You have done what you could; Some blunders and absurdities have crept in.
Forget them as soon as you can. Tomorrow is a new day. You shall begin it
serenely and with too high a spirit to be encumbered by your old nonsense.
- Ralph Waldo Emerson
Divorce is an end and a beginning. From the
moment you walk down the courthouse steps, you're going to need new
knowledge and new ideas and most of all a new you. Even after the
disequilibrium of the breakup is restored and you've found balance in the
various spheres of your life, you're a different person. But most of all,
you're a different kind of parent.
One of the many things I've learned
is that parents can't help their children until they've thought about
themselves, about where they're coming from. So let's begin right there.
First you need to take control of your own life. I wish I could tell you
that it's okay to lie down and pull the covers over your head, but that's
not possible.
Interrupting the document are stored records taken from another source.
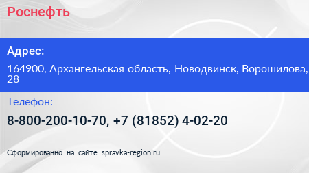 Роснефть по адресу 164900, Архангельская область, Новодвинск, Ворошилова, 28 в дальнейшем Организация, размещена в следующих категориях:
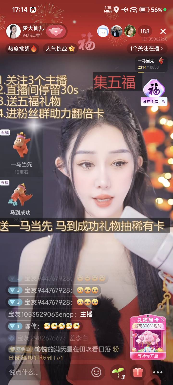 棉花糖y 发表于 2026-02-16 17:13 直播间送礼物概率得自测我刚刚出的送那个一马当先中的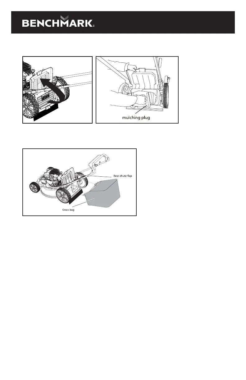 2. Remove the mulching plug when you set your lawn mower for rear bagging.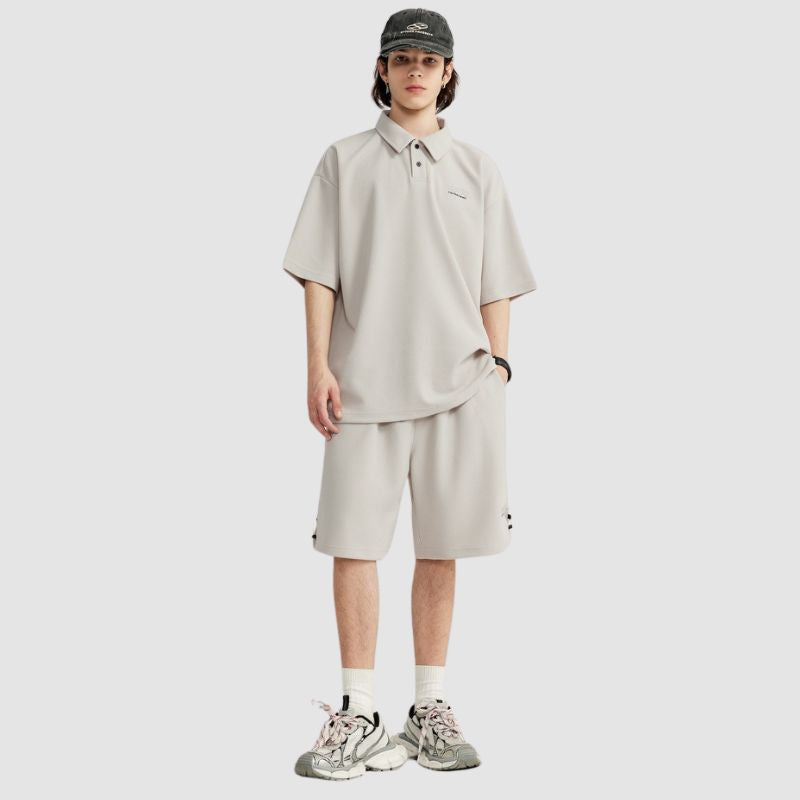 Características: Conjunto. Camiseta. Pantalones cortos. Cuello polo. Solapa. Mangas cortas. Color liso. Cintura con cordón. Dobladillo con cordón. Bordado. Cintura alta. Pierna ancha. Suelto.

You may feel like you're the only person in the world who
could ever feel this bad, but let me assure you, you have plenty of
company. Once you've decided that "it's really over," you'll
have set into motion the task of becoming a different person and, to your
surprise, a different kind of parent. While your decision marks the end of
a marriage, it's also the formation of a new kind of family. It's a new
play with different characters in strange settings, changes in parent and
child relationships, and predictable transitions that most parents fail to
anticipate.
Most people don't understand that
divorce follows a long trajectory. What you feel today is probably not
going to be relevant to your life three, five, or ten years from now. The
quick fix that you want to put into place tomorrow won't be of much use
down the post-divorce road. You can take steps to ease your immediate
pain, but the really hard work comes one day and then one year at a time
with changes that ricochet into your life and into the lives of your
children.
You're about to undergo a
metamorphosis. To succeed for yourself and your children, you're going to
have to create a self-image as someone who can cope with the demands set
before you. You can't become an effective parent until you've regained
your footing and begun to repair the damage done by the failed marriage
and the inevitable stresses of the divorce.
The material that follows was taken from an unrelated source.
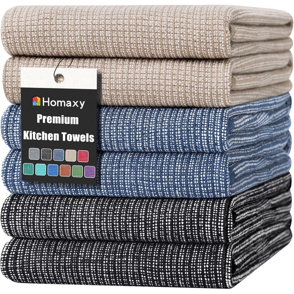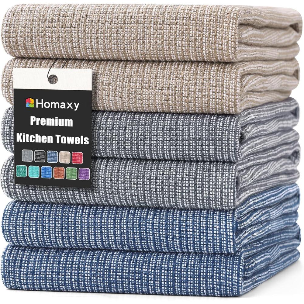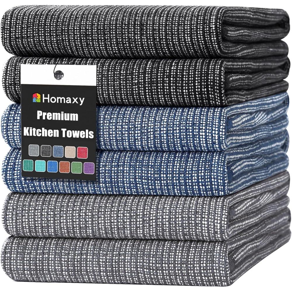 Homaxy Premium Kitchen Towels(18”x 28”, 6 Pack), Large Cotton Kitchen Hand Towels, Flat and Terry Dish Towels, 380 GSM Highly Absorbent Tea Towel Set with Hanging Loop, Red(Navy Blue/Grey/Black)

How fast or how well this happens
depends on how you respond to the challenges and frustrations that lie
ahead. There's no way not to cry. Whether you left the marriage or you
were the one left, crying is good for the soul. It doesn't banish the hurt
but at least you can get the pain out of your belly. But if you're caught
up in the image of having failed in your marriage -- because you were
betrayed or you're guilty of breaking your marriage vows or your judgment
was just plain lousy -- your parenting will be burdened. Nor can you
muster the strength you need if you think of yourself as a victim. It may
be grossly unfair if the person you trusted most in the world is the cause
of all your pain, but that feeling must yield to the tasks before you.
As
strange as this sounds, if you find yourself raging at your husband or
wife, it really doesn't matter if you're right. What matters is that being
enraged will eclipse your ability to be a good parent. It will cloud your
judgment and make it harder for you to take care of yourself or see your
children as being separate from you, with different needs and priorities
in their young lives. Worst of all, it will make it much harder for you to
be a compassionate, loving mom or dad.
If your divorce is like most, only
one of you wants to end the marriage. Never in my thirty years of working
with divorcing couples have I seen two people sit down quietly at the
kitchen table and say, "You know, we both made a mistake, let's go
our separate ways." There's almost always pain and palpable grief. At
this point, the hardest thing you face is the need to avoid getting stuck
in your pain. The decision to
divorce requires that you focus on what lies ahead, unrelated to how or
why the divorce happened.
If you are the one who wanted out and
are feeling great relief and pride at having, at last, done what seemed
impossible, you are to be congratulated. But you're still going to face
problems with your children. I assure you that you cannot expect instant
support or even understanding, even if they've seen you suffering.
Who Were You Before?
Unfortunately, the legal change noted
on your divorce papers does not usher in this change in identity. You do.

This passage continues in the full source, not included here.